I can't write a damn thing these days. I sit down at my laptop, and nothing happens. Nothing at all. Blank page. When I try, I end up looking through the 2 million songs I've loaded on RealPlayer instead, and my attempt at writing instead becomes this game of finding the best background music for a round of arcade pinball.
I suck. I've been moping for weeks, reading short stories, studying other authors' writing styles and dealing with this stupid-ass breakup anxiety (though it's not like the relationship was that long, honestly). I thought I could maybe come up with a good story. But nothing's happened. I'm keeping my apartment tidy, and I'm trying to keep my finances in line.

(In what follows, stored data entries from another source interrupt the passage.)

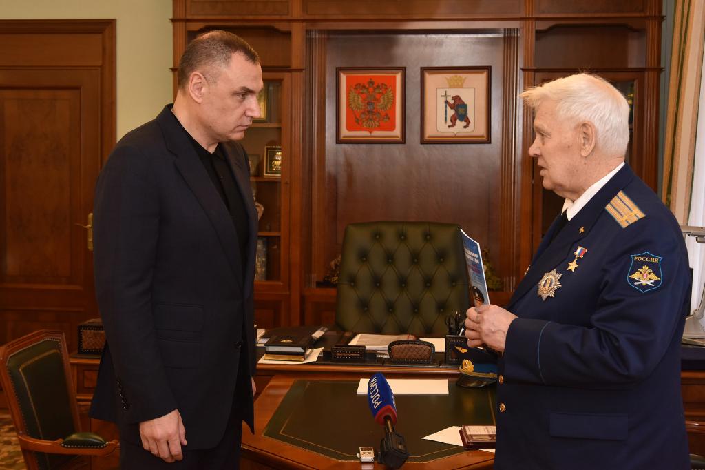 Глава республики Юрий Зайцев накануне встретился с советским и российским лётчиком, подполковником в отставке, Героем Российской Федерации Владимиром Шарпатовым.
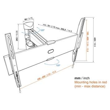 Deze draaibare TV-steun van Physix by Vogel's komt slechts 7 cm van de wand. De steun is geschikt voor TV's van 81cm tot 140cm of van 32" tot 55". Deze maten worden diagonaal gemeten. Het maximale gewicht van de TV mag 30kg bedragen. Bij deze beugel worden alle bevestigingsmaterialen meegeleverd. De maximale bevestigingsmaten (VESA) van de TV zijn 400 x 400mm.
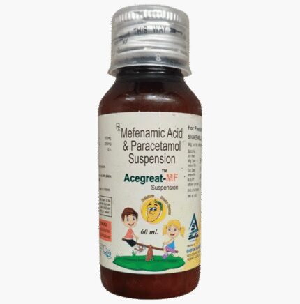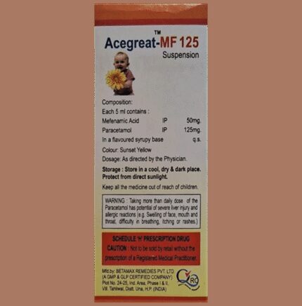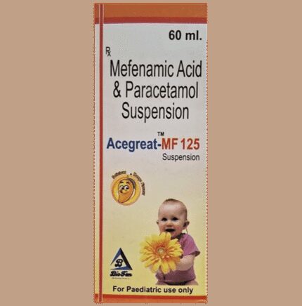 Acegreat-MF 125 Oral Suspension contains two active ingredients both of which belong to a common class of medicines known as non-steroidal anti-inflammatory drugs (NSAIDs). It helps to lower body temperature (fever) and reduce pain and inflammation (redness and swelling) both in infants and children. Adhere to the prescribed dose, time, and way while giving Acegreat-MF 125 Oral Suspension to your child. Give it orally, preferably at a fixed time. It can be given before or after food, but giving it after food helps prevent the chance of developing an upset stomach. If your child vomits within 30 minutes of taking this medicine, give the same dose again. Avoid giving more than the recommended dose for fast relief as that may cause unwanted effects in your child.Some children develop certain mild side effects like nausea, vomiting, stomach pain, heartburn, and diarrhea after taking this medicine. In case your child develops these side effects, do not worry as these are mostly temporary and resolve on their own. But, if these effects persist or become bothersome for your child, do consult your child’s doctor on a priority basis.Before giving Acegreat-MF 125 Oral Suspension to your child, do inform the doctor if your child is allergic to any medicine or products or has a history of any heart problems, birth defects, liver disease, kidney disease, lung disease, or bleeding disorder. This information is critical for dose alteration and helps in planning your child's overall treatment.
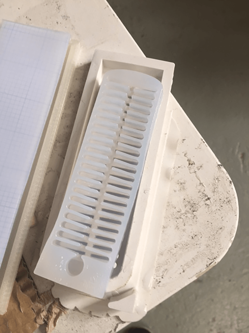 When casting with a material it is important to get the formulation right (read the instructions) and also to remove bubbles to avoid any weak spots or blemishes on the final piece. To avoid bubbles, one trick is to pour a very thin stream from high up, allowing any bubbles that may be in the mix to pop. Another technique is to use a vaccuum chamber, this causes the air bubbles to expand and rise to the surface. I used a combination of both for all my molding.
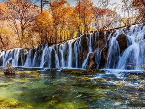 viewes, forest, Leaf, trees, autumn, Path, fern
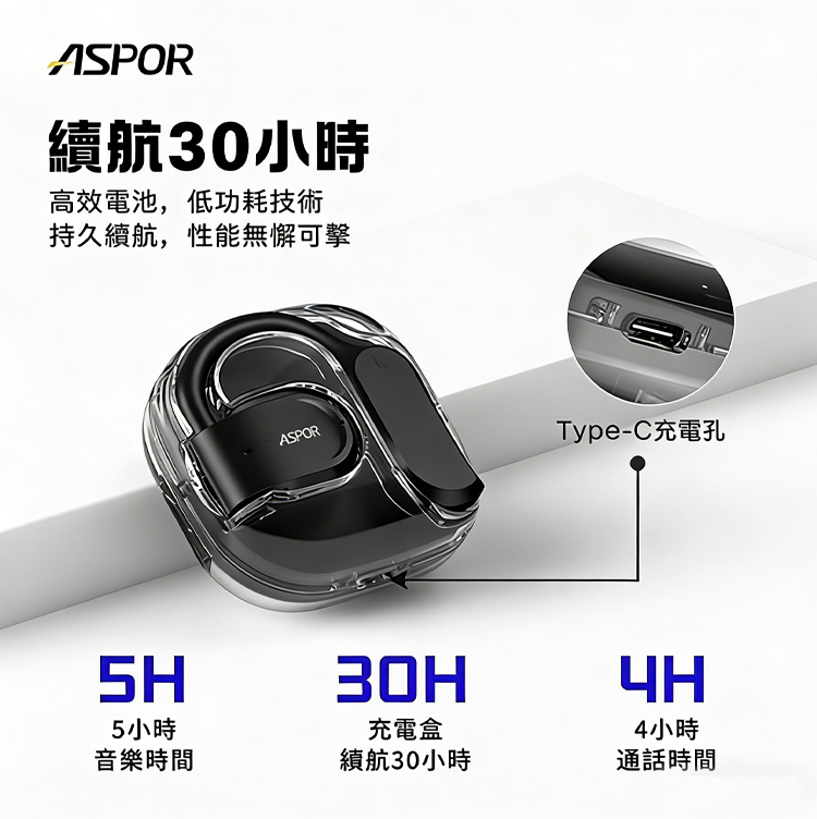 ASPOR A627 開放式耳掛藍牙耳機-雪白

Still, when I want to write, all I get is a blank page and frustration. I'm here at a friend's house now, and we're looking over my "portfolio" of essays - and I can't find any shit that I think would be worth a damn. No essays are here that work out of context.
When I was in my damn relationship, I didn't write. I thought it was because I was so occupied and *in love* that it was excusable, that writing would happen when it was supposed to.
Now I'm out of my relationship, and I've got loads of time. I'm still not writing.
I've had experiences I could draw from. My brother's Catholic wedding, held on the day the Pope died, was filled with tiny, ironic situations - like my mother and stepmother working together to get dressed or me catching the bridal garter.
With the breakup, you'd think I could write a nice murder story, something ridiculously angry and violent. (After reading Roald Dahl, I tried to visualize for a story what it would be like to beat my stepfather's head in with a hammer and leave him in the basement crawlspace at my mom's house. But there was no plot there, just anger.)
I was hoping for a nice, dark piece - something frustrated and sexual and angry.
The second wave of my writing class begins tomorrow, and I have nothing to show from this interim of weeks. I have nothing to bring to class tomorrow, and I really wanted to be able to show them something impressive.
Instead, this class might turn out like the last class, where I mostly showed them old essays and didn't produce anything new.
I'm writing this to change that. I'm writing this to write something.
The only damn thing I'm good at is talking about myself.